---------- Collected data ----------
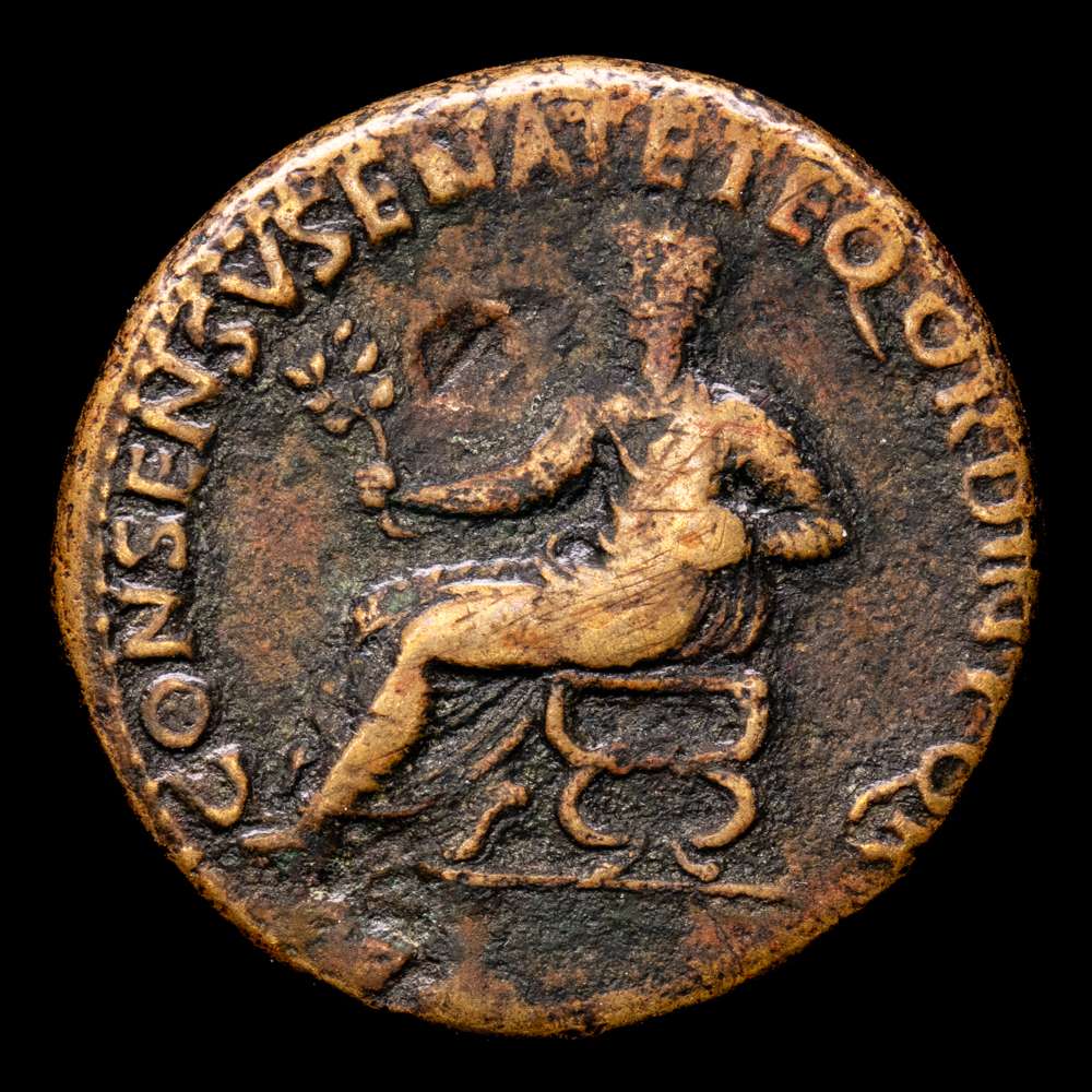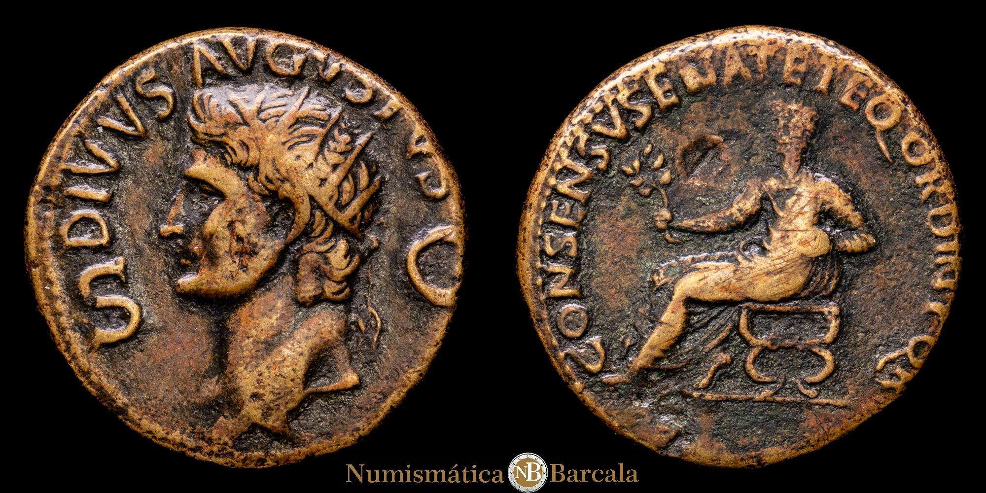 Augusto. Dupondio. 37-41 dC (Ric-I 56 (Cayo)). Anv.: DIVVS AVGVSTVS. Cabeza radiada a izquierda; en campo S – C. Rev.: CONSENSV-SENAT-ET-EQ-ORDIN-PQR- Augusto (?), laureado y togado, sentado a la izquierda en silla curul, sosteniendo una rama. Ae. 13,22 gramos. Escasa. VF. Bonito y expresivo retrato.
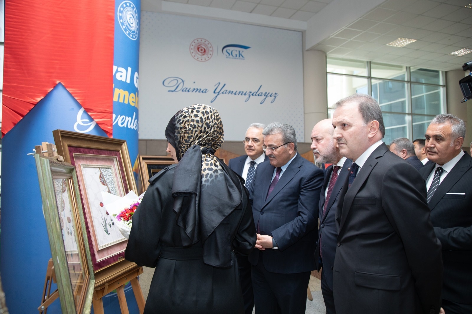 Sosyal Güvenlik Kurumunda (SGK) Sosyal Güvenlik Haftası kapsamında ebru, tezhip, hat ve barok tarzındaki eserleri ile “Türk İslam Sanatları” konulu ve SGK Kreş ve Gündüz Bakımevi çocuklarının hazırladığı “Çocukların Gözünden Sosyal Güvenlik” temalı resim sergileri açıldı.
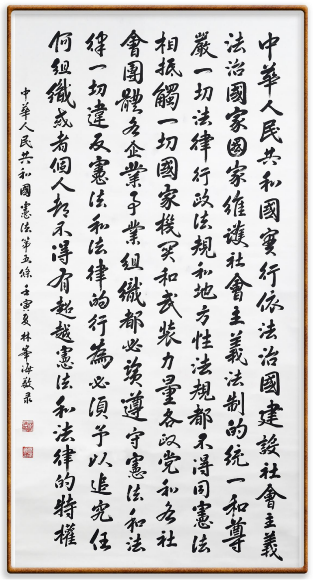 繼《中華人民共和國民法典》《中華人民共和國土地管理法》《中華人民共和國土地管理法實施條例》《中華人民共和國法律援助法》之后,法治日報社聯(lián)合北京市司法局、北京書法家協(xié)會,將筆端對準《中華人民共和國憲法》和《中華人民共和國行政處罰法》。
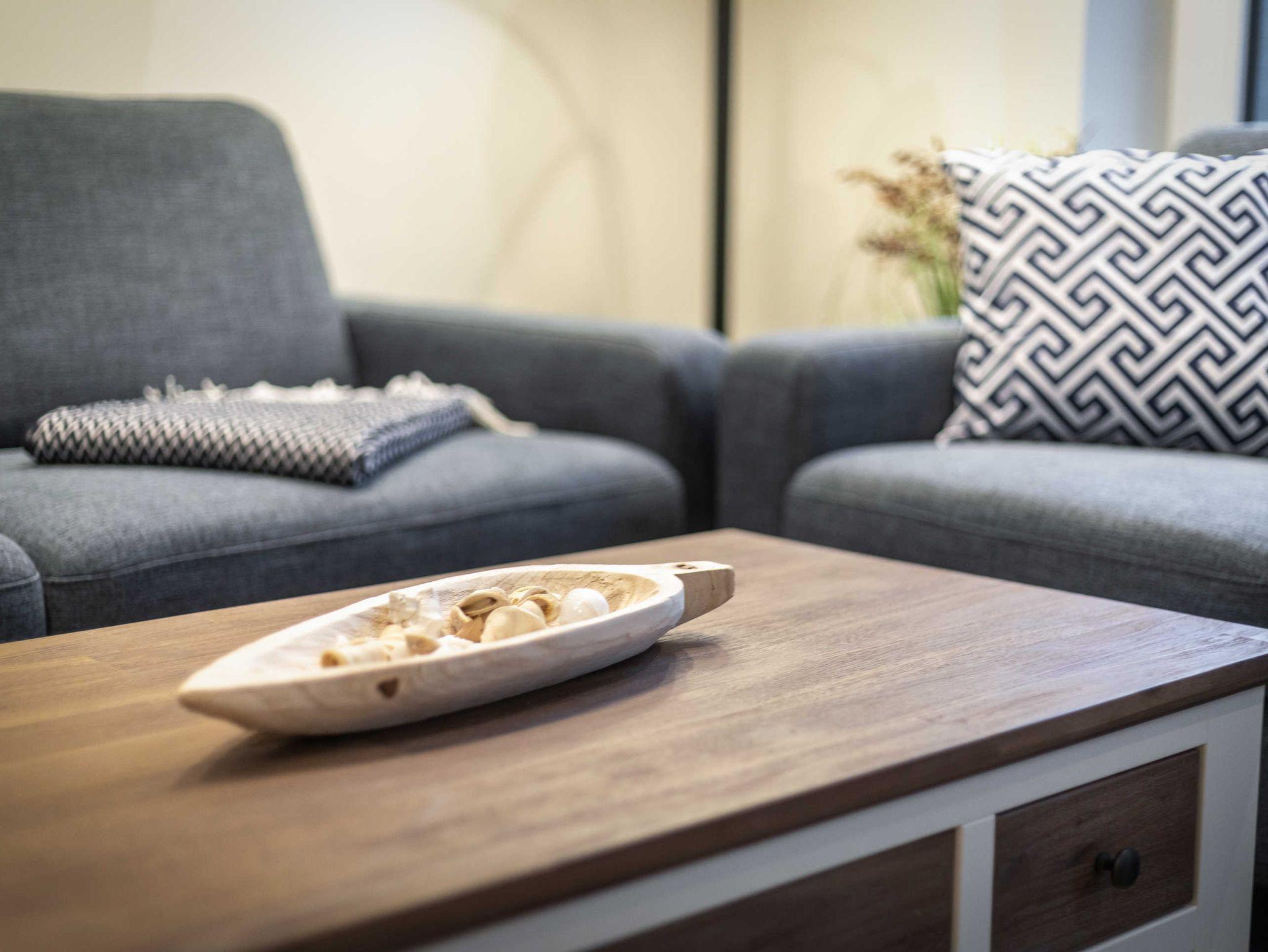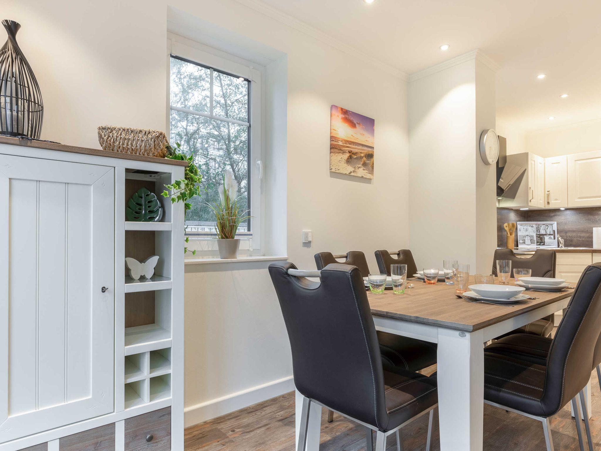 Das Ferienhaus bietet mit 135 qm Wohnfläche bis zu 6 Personen Platz. Die komfortabel ausgestattete Unterkunft integriert neben einem großzügigen Wohnzimmer auch drei Schlafzimmer mit je einem Doppelbett. An den Wohnbereich im Erdgeschoss schließt sich eine offene Küche an.
----------
- [What the task asks]
Output all the material verbatim, skipping every image.

- [Task answer]
 Augusto. Dupondio. 37-41 dC (Ric-I 56 (Cayo)). Anv.: DIVVS AVGVSTVS. Cabeza radiada a izquierda; en campo S – C. Rev.: CONSENSV-SENAT-ET-EQ-ORDIN-PQR- Augusto (?), laureado y togado, sentado a la izquierda en silla curul, sosteniendo una rama. Ae. 13,22 gramos. Escasa. VF. Bonito y expresivo retrato.
 Sosyal Güvenlik Kurumunda (SGK) Sosyal Güvenlik Haftası kapsamında ebru, tezhip, hat ve barok tarzındaki eserleri ile “Türk İslam Sanatları” konulu ve SGK Kreş ve Gündüz Bakımevi çocuklarının hazırladığı “Çocukların Gözünden Sosyal Güvenlik” temalı resim sergileri açıldı.
 繼《中華人民共和國民法典》《中華人民共和國土地管理法》《中華人民共和國土地管理法實施條例》《中華人民共和國法律援助法》之后,法治日報社聯(lián)合北京市司法局、北京書法家協(xié)會,將筆端對準《中華人民共和國憲法》和《中華人民共和國行政處罰法》。
 Das Ferienhaus bietet mit 135 qm Wohnfläche bis zu 6 Personen Platz. Die komfortabel ausgestattete Unterkunft integriert neben einem großzügigen Wohnzimmer auch drei Schlafzimmer mit je einem Doppelbett. An den Wohnbereich im Erdgeschoss schließt sich eine offene Küche an.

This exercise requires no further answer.